Problem to solve:
In the material below, the lines from the one containing "Pipa de gas" through the one containing "Borsa a Mano" are to be given again exactly, ends included, and no others.

━━━━━ Data to examine ━━━━━

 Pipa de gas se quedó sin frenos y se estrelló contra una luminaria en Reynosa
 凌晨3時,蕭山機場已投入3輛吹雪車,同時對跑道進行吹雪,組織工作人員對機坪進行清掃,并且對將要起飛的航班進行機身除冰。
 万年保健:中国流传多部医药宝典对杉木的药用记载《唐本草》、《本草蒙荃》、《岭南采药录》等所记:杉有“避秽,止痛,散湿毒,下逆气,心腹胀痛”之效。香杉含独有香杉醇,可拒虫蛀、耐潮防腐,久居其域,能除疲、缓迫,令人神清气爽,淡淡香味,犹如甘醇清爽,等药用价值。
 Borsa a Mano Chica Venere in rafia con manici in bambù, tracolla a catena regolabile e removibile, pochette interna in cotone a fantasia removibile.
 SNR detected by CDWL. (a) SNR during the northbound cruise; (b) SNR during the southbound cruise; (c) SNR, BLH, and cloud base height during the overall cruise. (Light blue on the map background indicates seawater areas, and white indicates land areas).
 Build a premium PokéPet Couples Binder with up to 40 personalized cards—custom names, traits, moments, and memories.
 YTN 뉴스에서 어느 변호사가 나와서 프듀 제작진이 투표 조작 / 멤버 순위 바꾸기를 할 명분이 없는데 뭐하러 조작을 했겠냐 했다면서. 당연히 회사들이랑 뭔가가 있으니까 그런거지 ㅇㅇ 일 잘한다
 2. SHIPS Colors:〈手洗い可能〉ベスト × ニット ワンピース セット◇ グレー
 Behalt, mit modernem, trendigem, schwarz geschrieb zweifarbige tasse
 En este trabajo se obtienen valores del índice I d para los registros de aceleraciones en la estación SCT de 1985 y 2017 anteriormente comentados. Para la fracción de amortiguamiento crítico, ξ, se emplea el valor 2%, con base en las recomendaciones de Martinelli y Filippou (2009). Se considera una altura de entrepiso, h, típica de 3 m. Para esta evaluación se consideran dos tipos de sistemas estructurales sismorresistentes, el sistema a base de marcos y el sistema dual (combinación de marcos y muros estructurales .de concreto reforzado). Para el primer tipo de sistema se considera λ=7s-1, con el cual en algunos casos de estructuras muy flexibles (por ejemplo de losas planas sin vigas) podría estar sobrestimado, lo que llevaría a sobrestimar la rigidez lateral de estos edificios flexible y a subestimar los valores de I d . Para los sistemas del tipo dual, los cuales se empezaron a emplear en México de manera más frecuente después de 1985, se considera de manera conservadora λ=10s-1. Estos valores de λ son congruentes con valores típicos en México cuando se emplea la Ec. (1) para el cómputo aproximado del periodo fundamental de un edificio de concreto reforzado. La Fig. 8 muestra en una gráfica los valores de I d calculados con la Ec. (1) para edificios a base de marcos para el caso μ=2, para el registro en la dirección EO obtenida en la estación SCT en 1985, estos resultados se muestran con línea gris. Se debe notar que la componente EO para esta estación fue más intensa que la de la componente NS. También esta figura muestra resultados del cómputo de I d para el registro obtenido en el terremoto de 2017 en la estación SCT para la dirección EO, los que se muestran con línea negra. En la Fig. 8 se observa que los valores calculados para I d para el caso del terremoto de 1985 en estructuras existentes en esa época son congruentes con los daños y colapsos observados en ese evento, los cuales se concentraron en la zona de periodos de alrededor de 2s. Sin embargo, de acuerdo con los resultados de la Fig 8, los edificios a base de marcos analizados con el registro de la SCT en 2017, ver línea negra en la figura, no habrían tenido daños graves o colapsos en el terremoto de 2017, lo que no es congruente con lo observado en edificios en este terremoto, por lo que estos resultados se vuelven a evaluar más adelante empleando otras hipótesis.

━━━━━
━━━━━ Data to examine ━━━━━

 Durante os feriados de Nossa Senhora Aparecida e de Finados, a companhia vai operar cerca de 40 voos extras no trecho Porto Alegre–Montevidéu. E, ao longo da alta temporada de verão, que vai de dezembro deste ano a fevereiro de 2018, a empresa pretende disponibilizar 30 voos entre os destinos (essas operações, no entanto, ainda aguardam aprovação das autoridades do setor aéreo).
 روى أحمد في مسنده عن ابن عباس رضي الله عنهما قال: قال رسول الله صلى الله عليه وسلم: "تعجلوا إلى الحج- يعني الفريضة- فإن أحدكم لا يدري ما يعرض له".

━━━━━

Response below:
 Pipa de gas se quedó sin frenos y se estrelló contra una luminaria en Reynosa
 凌晨3時,蕭山機場已投入3輛吹雪車,同時對跑道進行吹雪,組織工作人員對機坪進行清掃,并且對將要起飛的航班進行機身除冰。
 万年保健:中国流传多部医药宝典对杉木的药用记载《唐本草》、《本草蒙荃》、《岭南采药录》等所记:杉有“避秽,止痛,散湿毒,下逆气,心腹胀痛”之效。香杉含独有香杉醇,可拒虫蛀、耐潮防腐,久居其域,能除疲、缓迫,令人神清气爽,淡淡香味,犹如甘醇清爽,等药用价值。
 Borsa a Mano Chica Venere in rafia con manici in bambù, tracolla a catena regolabile e removibile, pochette interna in cotone a fantasia removibile.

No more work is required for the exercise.